INTRODUCTION: Immune Thrombocytopenic Purpura (ITP) is the most common hemorrhagic disease in children. Intracranial hemorrhage is the most severe complication requiring the administration of treatment for immune thrombocytopenic purpura. The present study aims to determine the clinical outcomes and factors affecting remission in childhood ITP.
METHODS: Method. The study included 503 children diagnosed with ITP in a Pediatric Hematology Polyclinic. Patient files and electronic registries were accessed retrospectively to obtain sociodemographic details, and diagnostic and therapeutic characteristics.
RESULTS: Results. Among all the cases, 446 (88.7%) were in remission. When the first treatments applied in cases with remission were evaluated, 190 (83.4%) patients had IVIG, 25 (56.8%) IVIG + pulse steroid, 34 (79%) pulse steroid, 7 (58%) IVIG + low dose steroid and 20 (83%) had low dose steroid treatment. Four cases developed intracranial hemorrhage during follow-up. The remission rate was significantly higher among the cases with low MPV values, high platelet counts and sedimentation values in the blood test at diagnosis (p<0.05). The responses to pulse steroids, low-dose steroids and IVG for the initial treatment at diagnosis were similar, with none showing statistical superiority over any of the others (p>0.05).

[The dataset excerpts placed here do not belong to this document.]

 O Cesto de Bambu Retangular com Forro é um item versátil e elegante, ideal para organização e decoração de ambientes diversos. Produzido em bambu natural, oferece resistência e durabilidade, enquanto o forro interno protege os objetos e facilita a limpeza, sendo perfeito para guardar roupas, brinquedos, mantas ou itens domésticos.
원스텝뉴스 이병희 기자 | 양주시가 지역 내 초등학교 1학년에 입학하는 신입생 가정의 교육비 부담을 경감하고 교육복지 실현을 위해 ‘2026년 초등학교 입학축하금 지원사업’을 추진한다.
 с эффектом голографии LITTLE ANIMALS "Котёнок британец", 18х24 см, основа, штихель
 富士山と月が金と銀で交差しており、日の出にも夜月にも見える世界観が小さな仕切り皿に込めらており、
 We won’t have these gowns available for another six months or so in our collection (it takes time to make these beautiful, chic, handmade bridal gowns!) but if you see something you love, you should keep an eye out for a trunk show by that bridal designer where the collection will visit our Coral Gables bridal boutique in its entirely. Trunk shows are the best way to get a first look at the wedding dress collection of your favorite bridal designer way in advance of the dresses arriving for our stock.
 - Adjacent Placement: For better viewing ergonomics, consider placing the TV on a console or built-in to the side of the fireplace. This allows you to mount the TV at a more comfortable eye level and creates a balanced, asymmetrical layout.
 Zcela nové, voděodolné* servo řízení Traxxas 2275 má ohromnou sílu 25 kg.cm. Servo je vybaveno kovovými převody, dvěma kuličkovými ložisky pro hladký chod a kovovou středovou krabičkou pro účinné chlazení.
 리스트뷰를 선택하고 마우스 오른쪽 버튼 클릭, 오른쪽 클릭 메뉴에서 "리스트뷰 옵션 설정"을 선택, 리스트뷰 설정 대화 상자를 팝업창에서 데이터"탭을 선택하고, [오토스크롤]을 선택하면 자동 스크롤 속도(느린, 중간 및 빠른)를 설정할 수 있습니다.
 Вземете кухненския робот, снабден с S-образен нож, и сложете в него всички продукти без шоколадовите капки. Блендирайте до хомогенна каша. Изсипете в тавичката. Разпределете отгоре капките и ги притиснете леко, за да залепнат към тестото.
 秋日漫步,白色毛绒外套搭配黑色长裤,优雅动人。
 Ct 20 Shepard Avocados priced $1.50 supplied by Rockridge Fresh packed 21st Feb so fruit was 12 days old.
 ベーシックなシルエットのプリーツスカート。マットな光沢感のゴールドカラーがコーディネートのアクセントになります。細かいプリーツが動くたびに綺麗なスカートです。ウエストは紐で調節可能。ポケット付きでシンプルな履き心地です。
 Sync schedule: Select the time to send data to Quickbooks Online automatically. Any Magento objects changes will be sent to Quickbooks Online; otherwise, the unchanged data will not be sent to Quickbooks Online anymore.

DISCUSSION AND CONCLUSION: Conclusion. This study features the largest single-center study in pediatric ITP. The frequency of remission was higher in the ITP-diagnosed cases who were male, who were diagnosed at a younger age, who had no epistaxis on admission, who had a history of URTI, and who had a high platelet count and sedimentation value and a lower MPV value at diagnosis.